Caroline wakes up in a stupor, feeling nearly reborn after so much sleep. After much internal deliberation, she decides to head to Nice solo to museum hop, wander and eat something good. Working off the Google maps page she downloaded at home, she makes it to a secret-ish staircase nestled between several residential complexes leading up to the Musee Marc Chagall. The walk itself is delightful, and compels her to walk all the way up the Boulevard Cimiez to Musee Matisse. By the time she gets to Parc des Arenes ,she is drenched in sweat, and cools off in the groves of the huge public park.
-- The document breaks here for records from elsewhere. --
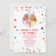 Une invitation à la fête d'anniversaire jumelle neutre pour les femmes. Lumineux et coloré avec un modèle photo pour rendre votre invitation vraiment unique. Il fait partie d'une collection d'approvisionnement de fête d'anniversaire avec des fournitures de fête correspondant.
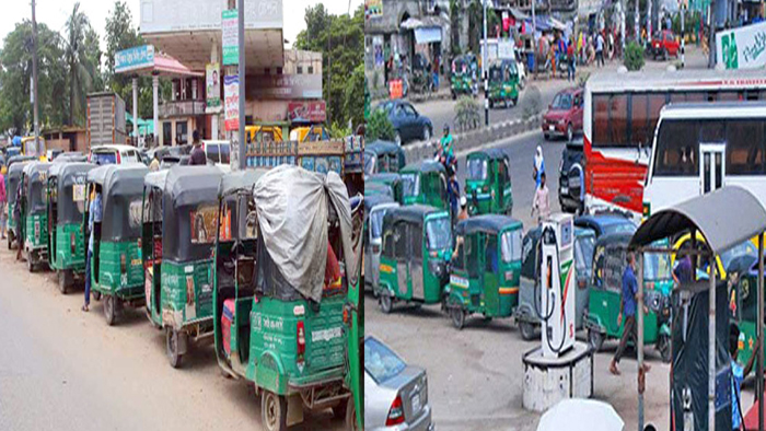 সিলেটের সিএনজি ফিলিং স্টেশন গুলোতে মাস শেষে তীব্র যানজট
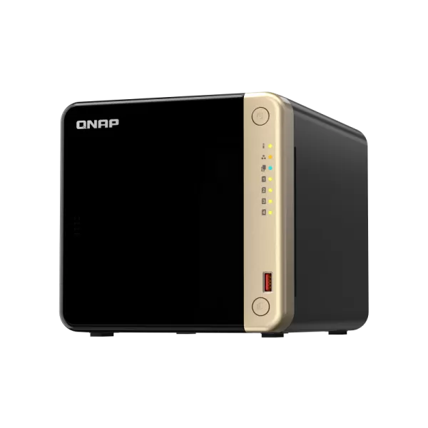 NAS QNAP 464 4-Bay, CPU Intel® Celeron® N5105/N5095 4-core/4-thread Processor, RAM 4GB (1x 4GB) DDR4 (2 x SODIMM slots, max. 16GB total), HDD 4 x 2.5"/3.5" SATA 6Gbps + 2 x M.2 2280 PCIe Gen 3 x1 SSD slots (neincluse), LAN: 2 x 2.5GbE, optional 10GbE expansion via a PCIe card, USB3.2 Gen2: 2 x Type-A USD2.0: 2, tower, 90W adaptor alimentare, garantie 3 ani
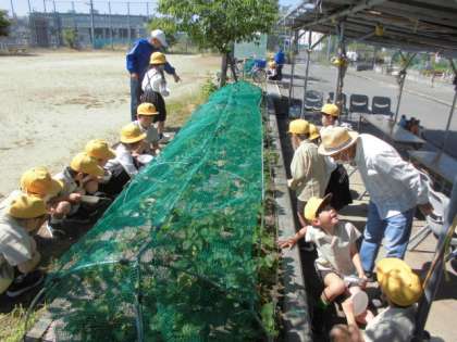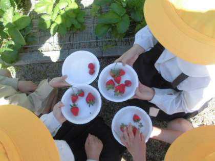 加賀屋子ども農園でイチゴ狩りをしました。イチゴは地域の方が育ててくださったものです。子どもたちは楽しくイチゴを摘み、その場で美味しく頂きました。イチゴが苦手な子も「全部食べたよ。おかわりもした!」と嬉しそうな顔を見せていました。

The museum itself is a country style tomato red house, and houses the succession of Matisse’s work throughout his time living in Nice. From the Jazz series, Orientalisme odalisques, and sculptures, the entire collection represents the convergence of different art styles in Nice in the 20’s and 30’s, and how Matisse interpreted and reacted to a changing world. Impressed, Caroline leaves through the gift shop and explores more of the park, skirting the Roman ruins, watching an entire grove with a web of amateur slackliners.


Monday

through Thursday before the final pitch is more than enough stress and aggravation for Team Noosta. They won’t have an app for purchase on Google Play by Friday, but they will have a working prototype, Thank God, according to Maciek. Caroline and Jenelle are fumbling through research on market size, company shares, statistics on sleep, and the revenue model for a standard freemium app while Kristian and Maciek build a website that kind of works, that none of Noosta’s 200 fans on Facebook know about. Caroline, Maciek and Kristian plan to continue working on Noosta remotely after EIA with the help of the team’s mentor, Mart. Although EIA has reaffirmed her belief in the human potential to do incredible things like start a company in under four weeks, the last day of final pitches leaves a bad taste in her mouth. Caroline begins to comprehend the massive roadblocks gender stereotypes pose to female entrepreneurs. From the total lack of female lecturers to the inability of the male majority to take the female minority seriously during final pitches, it is clear that European Innovation Academy is helping penetrate a male-centric startup world. Ken Singer, the Berkeley professor and MIA mentor to Noosta, not only participates in a drinking game with other Berkeley guys in the back of the lecture hall, but cheers for several male Berkeley students as their female teammates, also from Berkeley, shrug off the obnoxious favoritism. But in stride with the theme of the entire program, in the words of Gina Davis, “If you can’t join ‘em, beat ‘em.”